▶
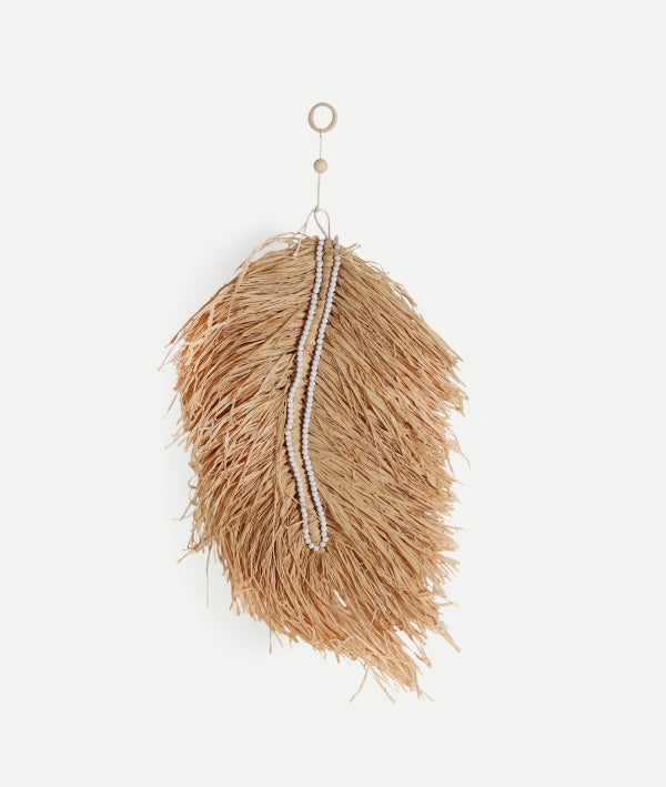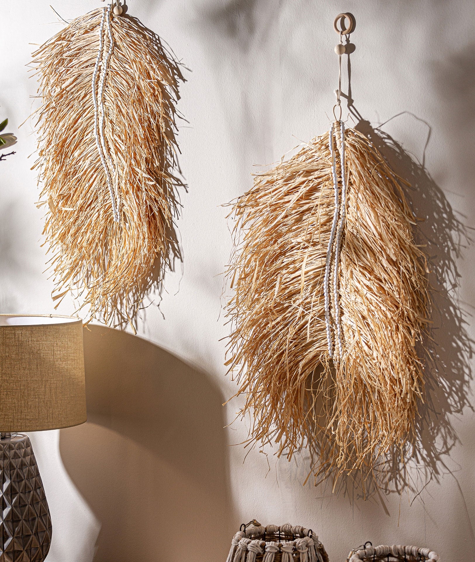 Стенно изкуство с неправилна форма Kasses, стил бохо, изработено от рафия в кафяво.
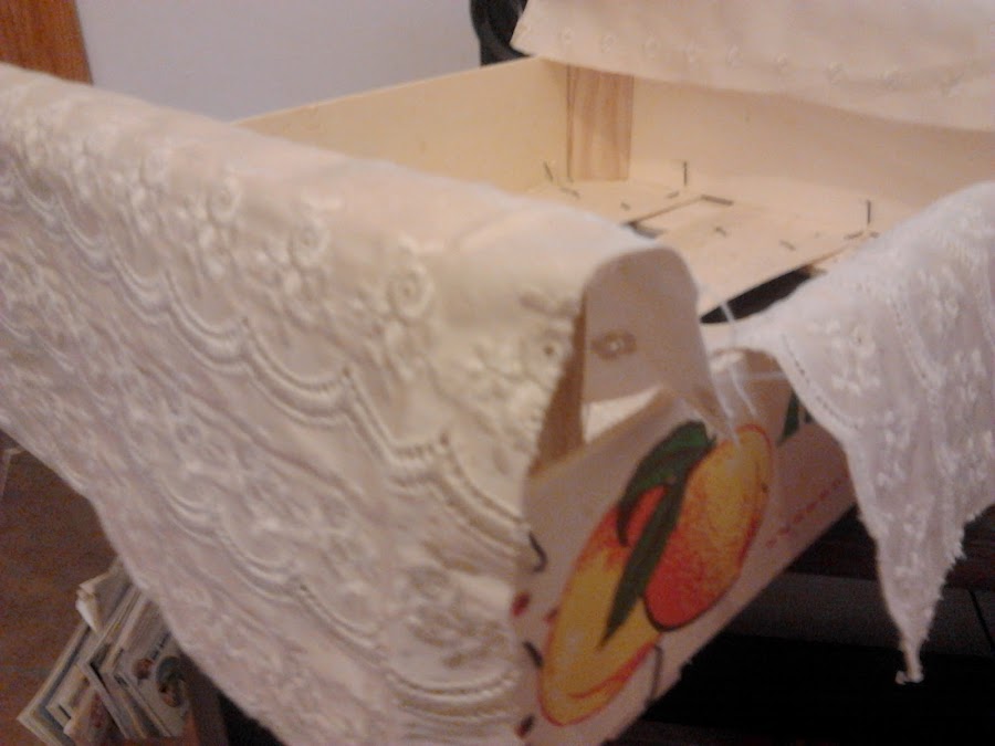 Esta caja es de esas de la fruta. Lo que hice fue forrarla con tela. Se coge la medida de la caja y se cose. Yo la uso para poner las telas.
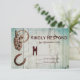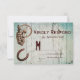 Um cartão de resposta de casamento de um país rústico sobre um fundo de tábuas de madeira de celeiro em apuros com uma bomba d'água de barril, roda de vagão e ferradura. Completamente personalizável com seus próprios detalhes. A parte de trás do convite tem "RSVP". Aqui está o conjunto de convites de casamento personalizados correspondente:
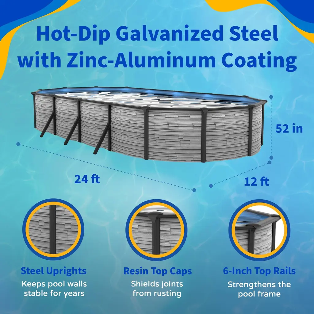 Blue Wave Montilla 52-In Deep Steel Wall A/g Swimming Pool W/ 6-In Top Rail Pool Package - 12x24-Ft Oval
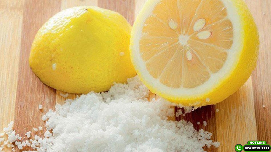 – Vắt lấy nước cốt một quả chanh, trộn với 2 thìa muối hạt.
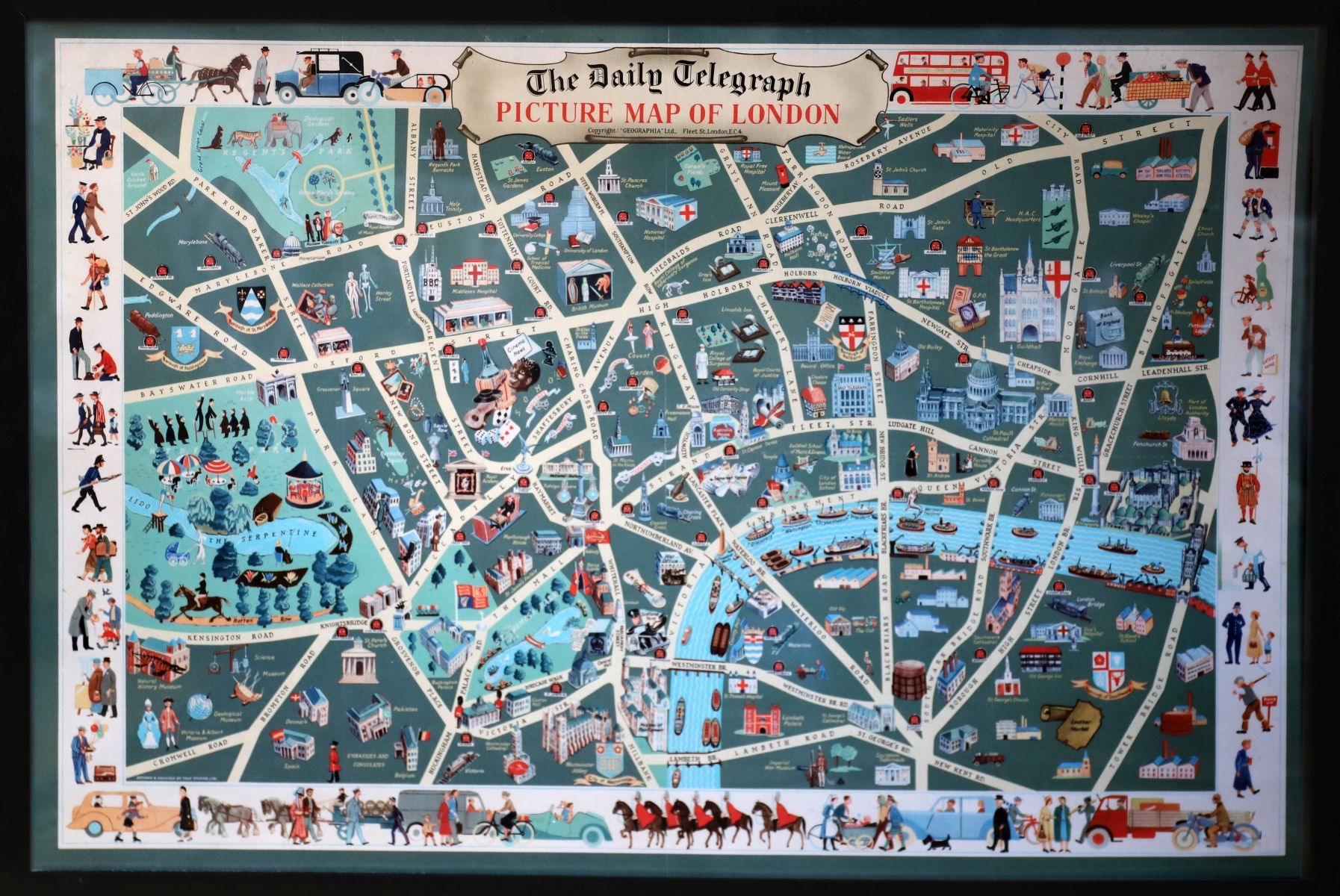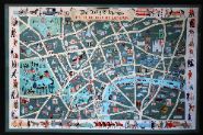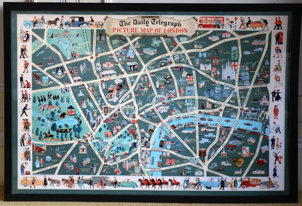 “The Daily Telegraph Picture Map of London,†a printed pictorial map depicting London landmarks and streets, framed and glazed.
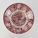 Rød Paris er af engelsk fajance dekoreret med forskellige landskaber og blomster i kanten, alt i forskellige røde nuancer
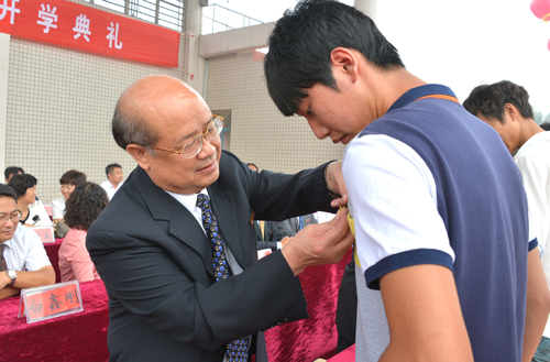 典礼上特别安排了佩戴校徽仪式,在主席台前排就座的各位领导亲自给各位新生代表佩戴校徽,并嘱咐大家珍惜师大情谊、同窗友谊和青春美好时光,在思考中确立自我、寻求真理、把握时间。2014级全体新生表示,他们一定会珍惜时光,努力成长,用最优异的成绩为学校增添新的光彩!
◀
**Problem statement:** Return the lines of the data above in full and exactly, with no pictures.

**Output below:**
 Стенно изкуство с неправилна форма Kasses, стил бохо, изработено от рафия в кафяво.
 Esta caja es de esas de la fruta. Lo que hice fue forrarla con tela. Se coge la medida de la caja y se cose. Yo la uso para poner las telas.
 Um cartão de resposta de casamento de um país rústico sobre um fundo de tábuas de madeira de celeiro em apuros com uma bomba d'água de barril, roda de vagão e ferradura. Completamente personalizável com seus próprios detalhes. A parte de trás do convite tem "RSVP". Aqui está o conjunto de convites de casamento personalizados correspondente:
 Blue Wave Montilla 52-In Deep Steel Wall A/g Swimming Pool W/ 6-In Top Rail Pool Package - 12x24-Ft Oval
 – Vắt lấy nước cốt một quả chanh, trộn với 2 thìa muối hạt.
 “The Daily Telegraph Picture Map of London,†a printed pictorial map depicting London landmarks and streets, framed and glazed.
 Rød Paris er af engelsk fajance dekoreret med forskellige landskaber og blomster i kanten, alt i forskellige røde nuancer
 典礼上特别安排了佩戴校徽仪式,在主席台前排就座的各位领导亲自给各位新生代表佩戴校徽,并嘱咐大家珍惜师大情谊、同窗友谊和青春美好时光,在思考中确立自我、寻求真理、把握时间。2014级全体新生表示,他们一定会珍惜时光,努力成长,用最优异的成绩为学校增添新的光彩!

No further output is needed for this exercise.